*** EXERCISE DATA ***
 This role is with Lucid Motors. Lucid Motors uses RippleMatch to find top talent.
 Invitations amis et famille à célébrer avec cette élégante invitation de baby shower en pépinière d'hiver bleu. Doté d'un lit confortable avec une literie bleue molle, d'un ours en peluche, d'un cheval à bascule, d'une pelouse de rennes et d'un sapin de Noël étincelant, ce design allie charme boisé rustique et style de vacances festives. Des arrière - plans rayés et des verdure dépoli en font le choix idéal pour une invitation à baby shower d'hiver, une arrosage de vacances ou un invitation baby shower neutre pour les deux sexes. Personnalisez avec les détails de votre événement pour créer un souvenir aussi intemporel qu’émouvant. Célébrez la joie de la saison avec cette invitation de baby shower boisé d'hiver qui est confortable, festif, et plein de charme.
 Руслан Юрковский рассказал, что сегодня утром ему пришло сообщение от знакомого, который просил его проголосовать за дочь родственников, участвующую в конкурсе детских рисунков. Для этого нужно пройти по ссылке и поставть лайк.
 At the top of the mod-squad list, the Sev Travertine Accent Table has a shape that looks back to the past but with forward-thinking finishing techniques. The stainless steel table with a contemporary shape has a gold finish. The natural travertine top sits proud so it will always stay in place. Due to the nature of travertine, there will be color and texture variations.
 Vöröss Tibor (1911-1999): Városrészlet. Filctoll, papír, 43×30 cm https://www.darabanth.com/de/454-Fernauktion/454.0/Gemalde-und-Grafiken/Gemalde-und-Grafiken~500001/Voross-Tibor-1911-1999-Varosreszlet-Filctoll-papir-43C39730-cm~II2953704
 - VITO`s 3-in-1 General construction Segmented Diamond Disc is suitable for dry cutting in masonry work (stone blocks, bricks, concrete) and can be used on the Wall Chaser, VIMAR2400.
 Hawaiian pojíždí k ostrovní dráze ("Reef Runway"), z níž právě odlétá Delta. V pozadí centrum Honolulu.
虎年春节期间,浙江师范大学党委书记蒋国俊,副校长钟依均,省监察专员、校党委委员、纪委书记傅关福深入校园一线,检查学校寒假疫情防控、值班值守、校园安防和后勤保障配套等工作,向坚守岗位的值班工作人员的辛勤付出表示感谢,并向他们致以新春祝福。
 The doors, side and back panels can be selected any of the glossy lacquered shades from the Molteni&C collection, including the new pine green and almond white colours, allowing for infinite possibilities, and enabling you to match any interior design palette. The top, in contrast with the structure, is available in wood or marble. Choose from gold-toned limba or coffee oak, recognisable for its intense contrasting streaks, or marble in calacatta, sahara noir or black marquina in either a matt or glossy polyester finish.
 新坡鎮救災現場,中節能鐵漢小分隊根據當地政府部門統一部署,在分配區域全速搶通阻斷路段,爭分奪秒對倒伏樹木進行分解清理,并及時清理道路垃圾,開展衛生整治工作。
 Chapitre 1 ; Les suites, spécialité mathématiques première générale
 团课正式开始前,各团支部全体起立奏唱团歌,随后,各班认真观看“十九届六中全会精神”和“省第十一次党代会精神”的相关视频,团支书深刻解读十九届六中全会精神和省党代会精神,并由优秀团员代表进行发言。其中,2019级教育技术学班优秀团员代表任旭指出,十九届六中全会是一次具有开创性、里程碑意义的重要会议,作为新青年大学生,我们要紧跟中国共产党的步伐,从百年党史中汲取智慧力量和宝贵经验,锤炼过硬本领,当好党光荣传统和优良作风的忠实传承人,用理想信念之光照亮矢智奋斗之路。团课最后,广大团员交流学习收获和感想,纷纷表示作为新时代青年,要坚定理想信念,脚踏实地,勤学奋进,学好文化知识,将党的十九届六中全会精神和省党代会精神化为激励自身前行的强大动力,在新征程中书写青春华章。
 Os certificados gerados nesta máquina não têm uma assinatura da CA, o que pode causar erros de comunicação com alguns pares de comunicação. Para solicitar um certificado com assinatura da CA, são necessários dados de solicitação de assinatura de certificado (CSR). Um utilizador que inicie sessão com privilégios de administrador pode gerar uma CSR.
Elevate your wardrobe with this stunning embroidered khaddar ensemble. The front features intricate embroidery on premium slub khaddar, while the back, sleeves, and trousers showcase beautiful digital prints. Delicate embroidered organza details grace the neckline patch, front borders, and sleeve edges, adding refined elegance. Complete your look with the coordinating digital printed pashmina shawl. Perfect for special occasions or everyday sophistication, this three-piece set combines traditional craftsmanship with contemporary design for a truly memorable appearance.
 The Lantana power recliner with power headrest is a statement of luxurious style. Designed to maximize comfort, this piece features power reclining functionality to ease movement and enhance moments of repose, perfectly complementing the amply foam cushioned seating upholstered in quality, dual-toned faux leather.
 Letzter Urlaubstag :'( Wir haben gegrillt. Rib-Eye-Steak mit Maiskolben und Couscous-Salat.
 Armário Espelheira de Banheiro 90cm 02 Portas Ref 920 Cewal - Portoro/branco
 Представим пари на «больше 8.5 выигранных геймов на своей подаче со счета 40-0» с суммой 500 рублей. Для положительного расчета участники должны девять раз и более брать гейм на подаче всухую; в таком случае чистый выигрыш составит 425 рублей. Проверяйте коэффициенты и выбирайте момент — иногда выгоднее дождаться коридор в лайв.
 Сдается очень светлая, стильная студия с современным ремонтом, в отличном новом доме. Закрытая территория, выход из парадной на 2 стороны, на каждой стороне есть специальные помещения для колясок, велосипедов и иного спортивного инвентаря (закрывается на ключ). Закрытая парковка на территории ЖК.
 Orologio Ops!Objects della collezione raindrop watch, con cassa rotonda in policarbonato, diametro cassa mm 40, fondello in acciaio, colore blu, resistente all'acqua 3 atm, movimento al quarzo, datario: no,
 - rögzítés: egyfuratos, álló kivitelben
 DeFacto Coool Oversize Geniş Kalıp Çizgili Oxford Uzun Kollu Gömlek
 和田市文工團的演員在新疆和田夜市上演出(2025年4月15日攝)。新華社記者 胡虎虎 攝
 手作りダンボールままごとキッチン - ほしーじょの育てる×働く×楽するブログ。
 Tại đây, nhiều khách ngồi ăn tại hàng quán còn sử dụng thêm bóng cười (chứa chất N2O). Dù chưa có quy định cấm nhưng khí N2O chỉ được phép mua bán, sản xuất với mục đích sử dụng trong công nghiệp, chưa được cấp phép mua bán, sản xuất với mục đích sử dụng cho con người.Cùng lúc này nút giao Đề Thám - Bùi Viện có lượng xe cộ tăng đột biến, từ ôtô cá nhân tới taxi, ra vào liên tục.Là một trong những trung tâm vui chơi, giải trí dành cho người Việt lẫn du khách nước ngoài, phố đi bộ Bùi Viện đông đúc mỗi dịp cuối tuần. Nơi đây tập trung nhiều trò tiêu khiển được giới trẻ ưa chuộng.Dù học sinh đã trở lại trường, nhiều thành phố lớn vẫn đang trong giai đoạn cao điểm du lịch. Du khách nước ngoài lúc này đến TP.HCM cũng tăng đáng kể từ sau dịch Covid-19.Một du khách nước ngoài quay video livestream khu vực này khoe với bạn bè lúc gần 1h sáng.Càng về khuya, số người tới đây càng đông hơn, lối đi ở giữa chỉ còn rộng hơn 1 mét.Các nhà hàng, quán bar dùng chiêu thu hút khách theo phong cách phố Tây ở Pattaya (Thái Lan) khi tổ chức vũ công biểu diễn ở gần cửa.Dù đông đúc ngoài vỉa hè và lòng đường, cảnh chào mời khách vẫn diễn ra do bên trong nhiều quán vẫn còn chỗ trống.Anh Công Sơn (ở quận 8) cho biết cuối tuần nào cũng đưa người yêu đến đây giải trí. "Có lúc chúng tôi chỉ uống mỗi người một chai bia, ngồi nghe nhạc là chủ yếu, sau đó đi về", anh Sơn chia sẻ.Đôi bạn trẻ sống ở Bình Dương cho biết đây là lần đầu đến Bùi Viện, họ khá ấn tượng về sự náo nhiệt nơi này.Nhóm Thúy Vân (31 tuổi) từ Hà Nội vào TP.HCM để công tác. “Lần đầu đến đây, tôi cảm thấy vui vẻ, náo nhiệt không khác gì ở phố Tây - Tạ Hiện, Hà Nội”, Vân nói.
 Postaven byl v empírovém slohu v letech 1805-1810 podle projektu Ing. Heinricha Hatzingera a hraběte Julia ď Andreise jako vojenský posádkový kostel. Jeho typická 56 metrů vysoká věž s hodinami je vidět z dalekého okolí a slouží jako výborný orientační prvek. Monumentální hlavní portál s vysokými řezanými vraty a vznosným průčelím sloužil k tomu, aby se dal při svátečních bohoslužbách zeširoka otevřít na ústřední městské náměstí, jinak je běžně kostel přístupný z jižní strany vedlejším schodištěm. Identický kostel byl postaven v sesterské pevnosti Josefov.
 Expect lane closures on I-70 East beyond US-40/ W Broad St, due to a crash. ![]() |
***
## [EXERCISE AIM]
Please retype, with no changes, the lines that run from the first line of the entries to the line with "Invitations amis et", both ends included.

## [ANSWER BELOW]
 This role is with Lucid Motors. Lucid Motors uses RippleMatch to find top talent.
 Invitations amis et famille à célébrer avec cette élégante invitation de baby shower en pépinière d'hiver bleu. Doté d'un lit confortable avec une literie bleue molle, d'un ours en peluche, d'un cheval à bascule, d'une pelouse de rennes et d'un sapin de Noël étincelant, ce design allie charme boisé rustique et style de vacances festives. Des arrière - plans rayés et des verdure dépoli en font le choix idéal pour une invitation à baby shower d'hiver, une arrosage de vacances ou un invitation baby shower neutre pour les deux sexes. Personnalisez avec les détails de votre événement pour créer un souvenir aussi intemporel qu’émouvant. Célébrez la joie de la saison avec cette invitation de baby shower boisé d'hiver qui est confortable, festif, et plein de charme.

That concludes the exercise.